The various configurations and numerical values described in the above embodiments are merely examples, and can be changed as appropriate. For example, an amorphous semiconductor such as amorphous germanium and amorphous silicon nitride and other amorphous semiconductors are used as the semiconductor film, and a tin oxide / indium film or the like is used as the transparent conductive film. Further, for example, the interval between the transparent conductive films 11a, 11b, 11c.
It may be about 0 μm.

[0026]

According to the present invention, when an optical semiconductor device having a transparent conductive film and a semiconductor film deposited thereon is manufactured, partial removal of the semiconductor film by laser is performed by another method. The film can be reliably formed without damaging the film, and the ultrafine processing by laser can be effectively used.

[Brief description of the drawings]

FIG. 1 is a side view showing a typical optical semiconductor device.

FIG. 2 is a characteristic diagram showing light absorption characteristics of a transparent conductive film and a semiconductor film.

FIG. 3 is a sectional view of each step showing an example of the present invention.

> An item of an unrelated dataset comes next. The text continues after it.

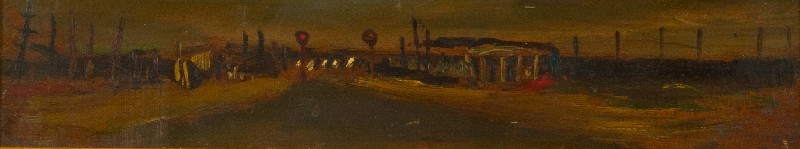 Mario Risoli (Fornovo 1918 - Viareggio 2003) NOTTURNO - MARINA, 1980 Olio su tavola, cm. 10x46 Sul verso: firma, data e titolo.
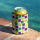 This can cooler has a geometric design of squares in purple, yellow, and green scattered about with their outlines.

 ──────────────────────────────────────────────────続 き Continuation of the front page (72) Inventor Masaru Takeuchi 2-18-18 Keihanhondori, Moriguchi-shi, Osaka Sanyo Electric Co., Ltd. (56) References JP-A-57-12568 (JP, A) JP-A Sho 52-108780 (JP, A) JP-A-54-120498 (JP, A) JP-A-59-35489 (JP, A) US Pat. No. 4,150,096 (US, A)

Claims (1)

(57) [Claims] In manufacturing an optical semiconductor device comprising a transparent conductive film and a semiconductor film deposited on the conductive film and responsive to light transmitted through the film, at least one of unnecessary portions of the semiconductor film is manufactured. The portion is formed by irradiating laser light having a wavelength of 0.6 μm or less, which has a sufficiently low light absorptivity to the transparent conductive film than that to the semiconductor film, to partially remove only the semiconductor film, A method of manufacturing an optical semiconductor device, wherein a part of the optical semiconductor device is exposed.